Do. Mrz 28th, 2024

Berlin (ots) – Robert Habeck (Bündnis 90/Die Grünen) im Interview mit dem Nachrichtensender WELT zu den Beschlüssen des Bund-Länder-Gipfels.

Felicia Pochhammer, WELT Nachrichtensender: Als erstes möchte ich natürlich wissen, was halten Sie jetzt vom Ergebnis dieser Marathonsitzung? Sind Sie begeistert, enttäuscht, irgendwas dazwischen?
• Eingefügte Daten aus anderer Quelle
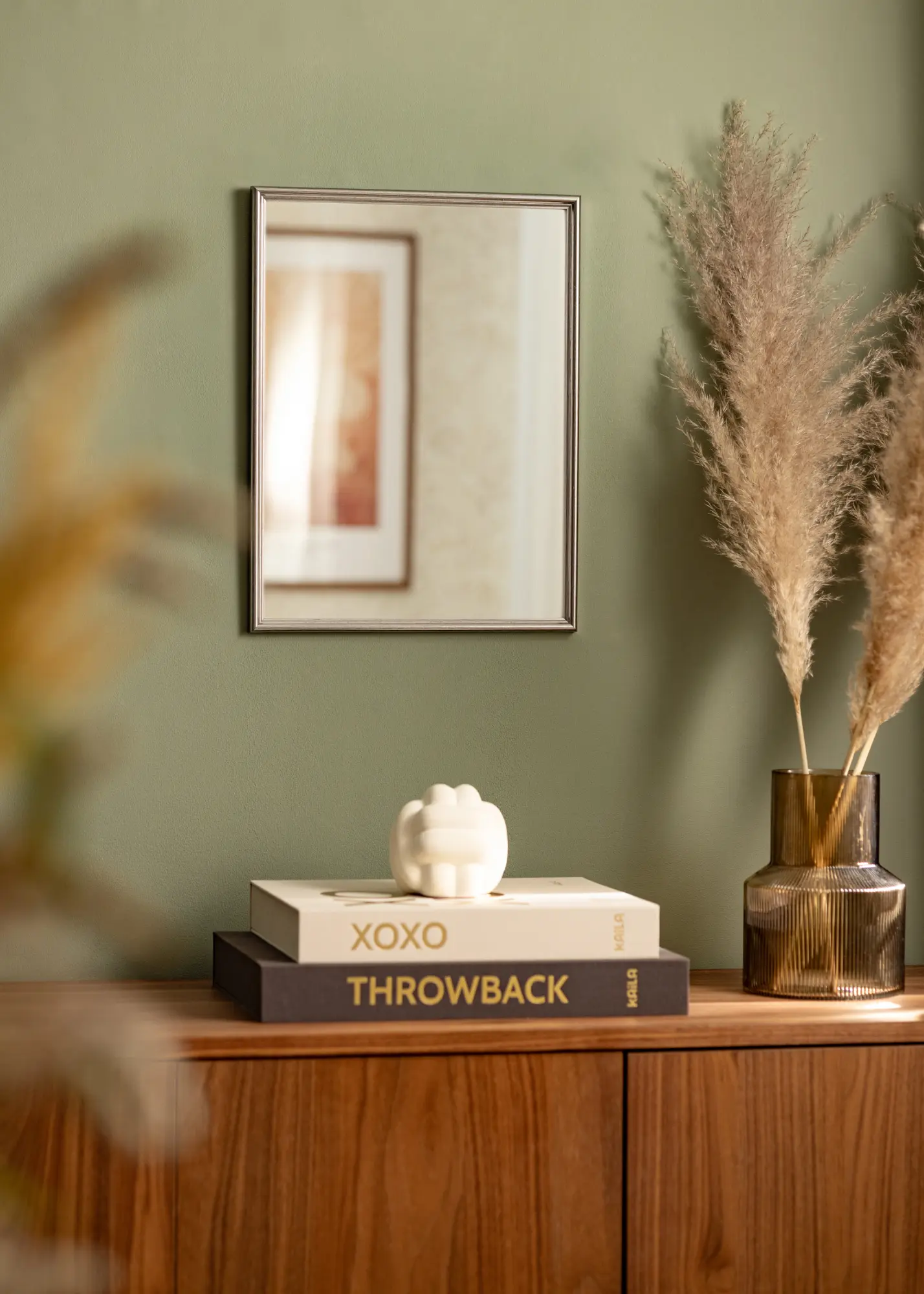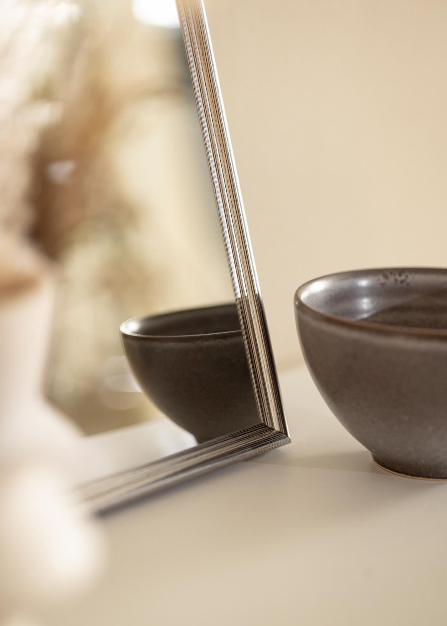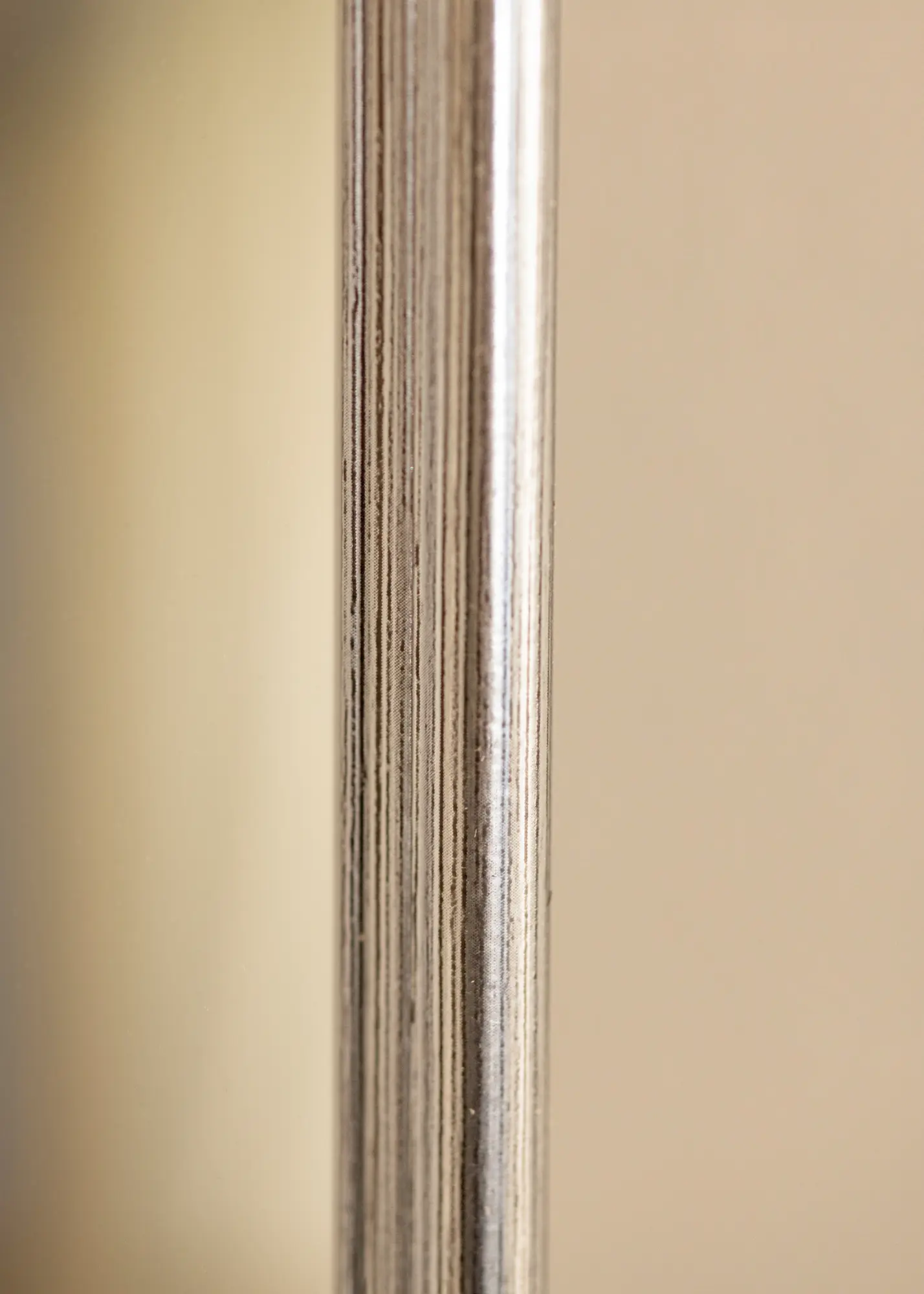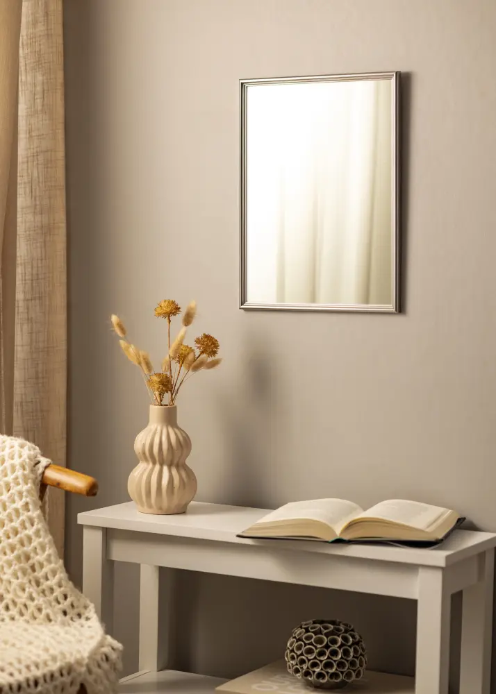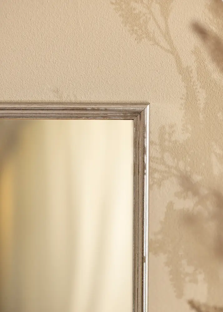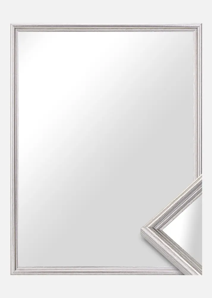 Нека изработим огледало, което пасва идеално на вашия дом! Това елегантно огледало се поръчва по вашите собствени измерения, така че можете да сте сигурни, че ще бъде точно. Огледалото има класическа профилирана рамка, боядисана с блестящо сребристо. Съчетава се добре с вътрешни компоненти в черно, бяло и лилаво, например.

Robert Habeck: Der Tag gestern hat vor allem die Versäumnisse der Vergangenheit aufgedeckt. Ich möchte auch, dass wir mehr Freiheiten zurückbekommen, aber die sind natürlich daran gebunden, dass wir wissen, wo das Virus ist und wie schnell es sich ausbreitet. Wir testen zu wenig. Die Tests sind zu teuer. Sie sind nicht verfügbar und jetzt geht die Bundesregierung den zweiten Schritt vor dem ersten. Wir öffnen mitten im Anrollen einer dritten Welle und das hinterlässt zumindest ein mulmiges Gefühl bei mir. Ich finde, dass gestern kein guter Tag war.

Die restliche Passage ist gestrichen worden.